Only the lines of the listing below that run from the line with "Paguro Upcycle reclaimed" through the line with "커피 전문 유통 브랜드" are to be set down, word for word. Pictures stay out.

RECORDS SHOWN
══════════════════════════════

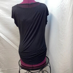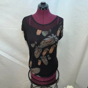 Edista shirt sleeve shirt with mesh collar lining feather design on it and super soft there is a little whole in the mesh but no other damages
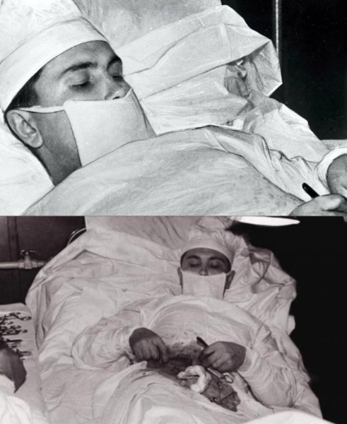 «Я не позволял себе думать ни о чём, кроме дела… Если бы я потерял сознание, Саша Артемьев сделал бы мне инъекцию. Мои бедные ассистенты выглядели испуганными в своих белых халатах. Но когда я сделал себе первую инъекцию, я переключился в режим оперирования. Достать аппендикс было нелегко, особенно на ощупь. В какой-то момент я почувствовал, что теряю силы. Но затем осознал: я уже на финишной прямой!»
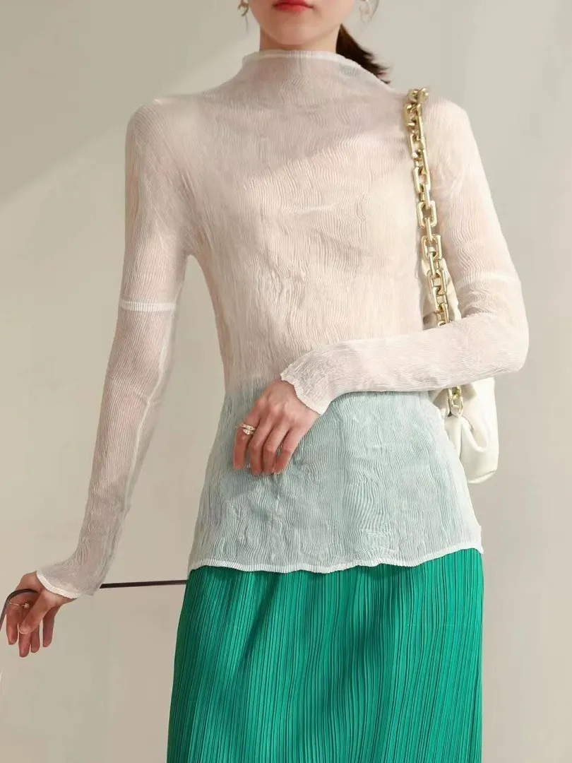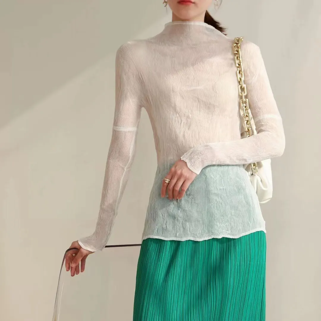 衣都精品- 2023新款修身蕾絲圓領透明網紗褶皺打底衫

══════════════════════════════

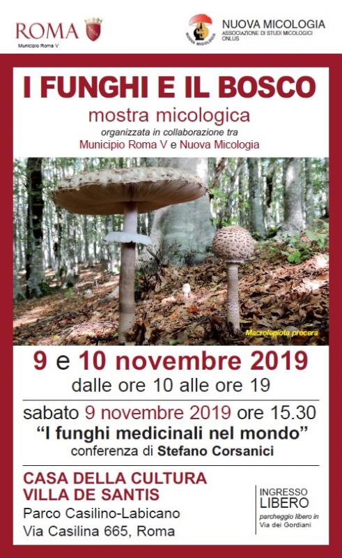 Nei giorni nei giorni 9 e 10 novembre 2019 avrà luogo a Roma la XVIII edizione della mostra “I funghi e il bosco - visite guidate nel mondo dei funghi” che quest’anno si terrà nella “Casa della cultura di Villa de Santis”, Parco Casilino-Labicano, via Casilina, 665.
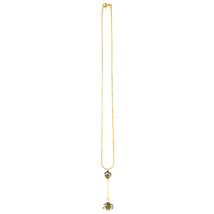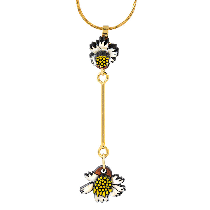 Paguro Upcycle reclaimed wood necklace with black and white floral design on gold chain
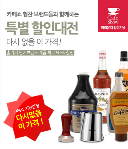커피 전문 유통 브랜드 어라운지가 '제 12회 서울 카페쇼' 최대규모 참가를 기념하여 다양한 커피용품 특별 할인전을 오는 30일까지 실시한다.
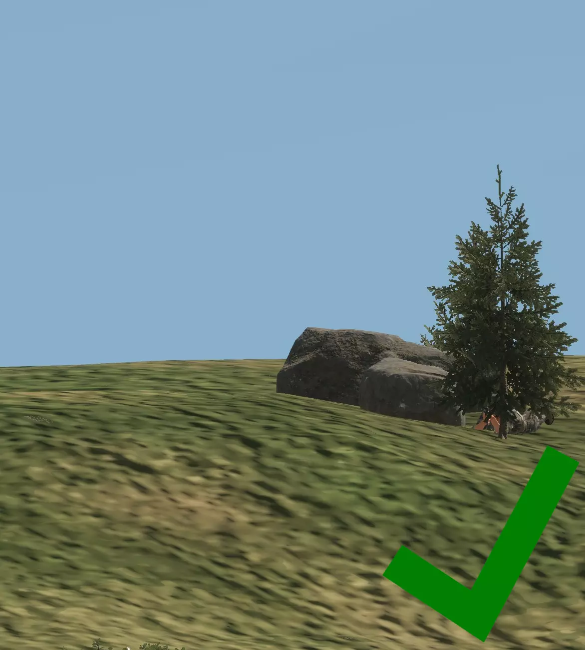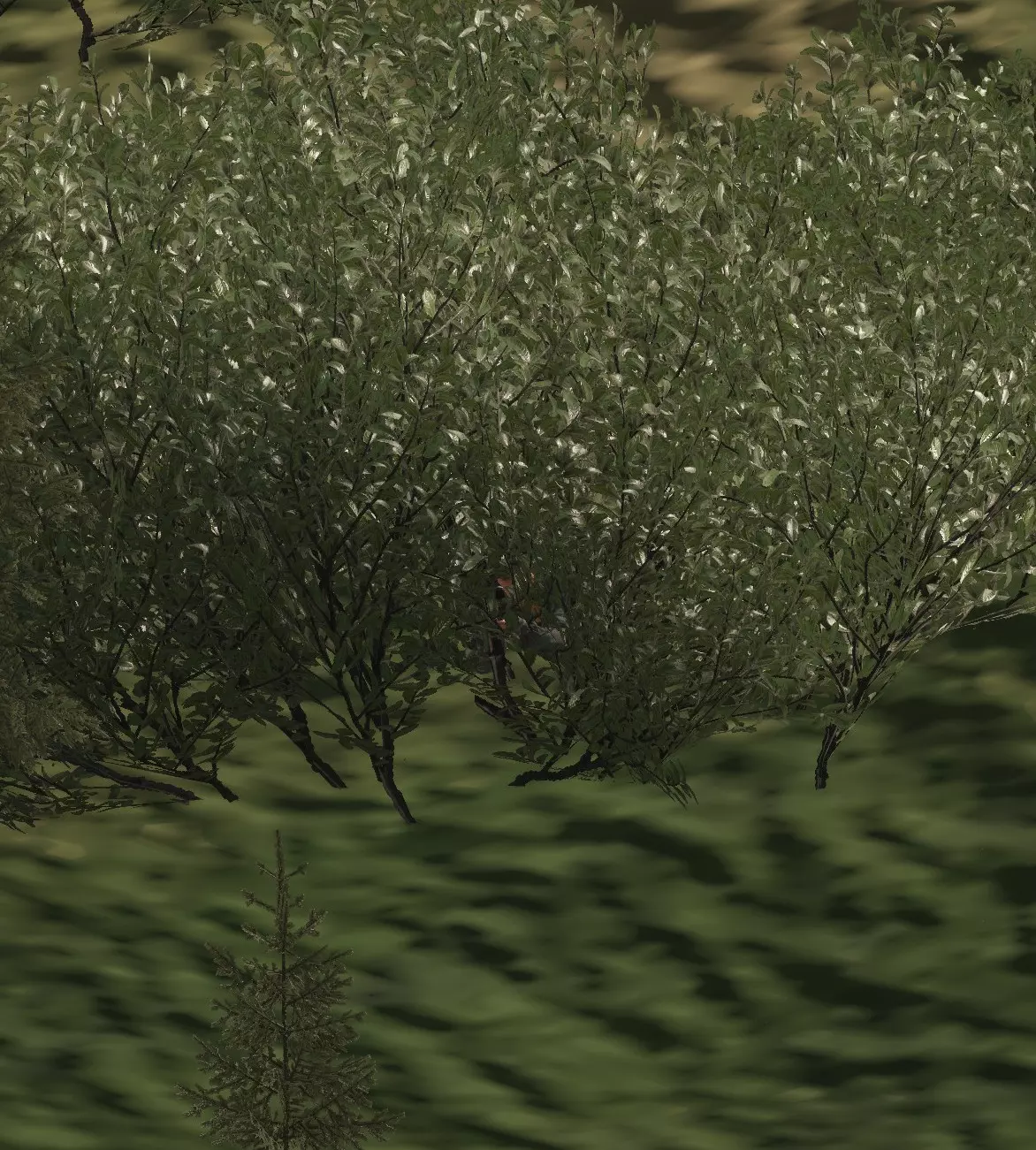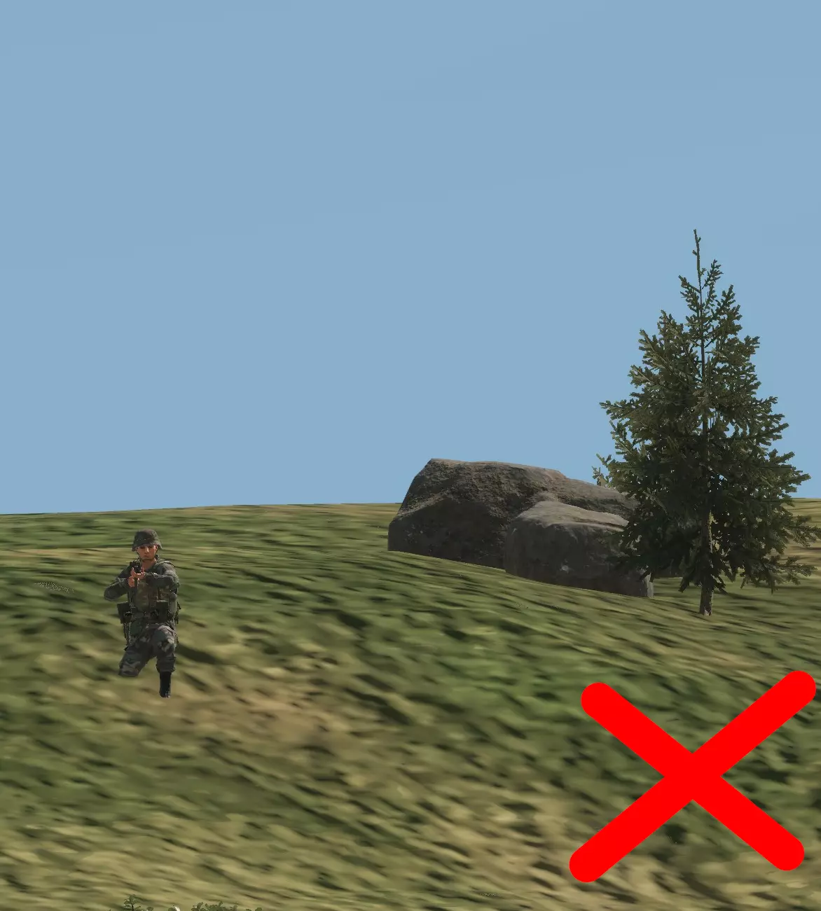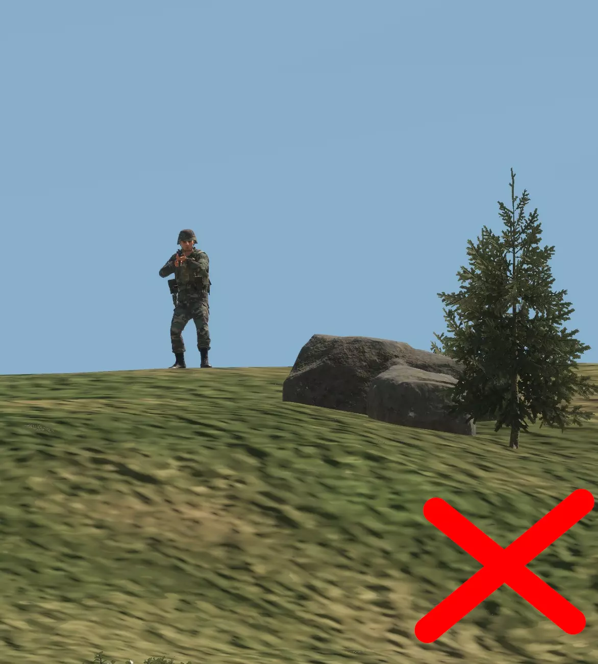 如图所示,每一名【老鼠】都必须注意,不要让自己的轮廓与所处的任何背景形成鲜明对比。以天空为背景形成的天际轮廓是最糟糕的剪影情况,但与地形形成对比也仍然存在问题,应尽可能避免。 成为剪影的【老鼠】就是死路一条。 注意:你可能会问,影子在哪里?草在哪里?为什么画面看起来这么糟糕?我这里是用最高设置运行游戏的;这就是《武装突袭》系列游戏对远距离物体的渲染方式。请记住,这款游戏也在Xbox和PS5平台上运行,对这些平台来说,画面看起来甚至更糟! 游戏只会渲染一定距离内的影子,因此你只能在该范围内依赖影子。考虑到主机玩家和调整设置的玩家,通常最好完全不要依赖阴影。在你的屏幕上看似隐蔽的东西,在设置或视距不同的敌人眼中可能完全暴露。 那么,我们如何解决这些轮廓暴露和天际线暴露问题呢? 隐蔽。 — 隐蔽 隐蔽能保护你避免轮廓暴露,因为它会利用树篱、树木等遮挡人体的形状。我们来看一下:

══════════════════════════════

OUTPUT OF THE TASK
 Paguro Upcycle reclaimed wood necklace with black and white floral design on gold chain
커피 전문 유통 브랜드 어라운지가 '제 12회 서울 카페쇼' 최대규모 참가를 기념하여 다양한 커피용품 특별 할인전을 오는 30일까지 실시한다.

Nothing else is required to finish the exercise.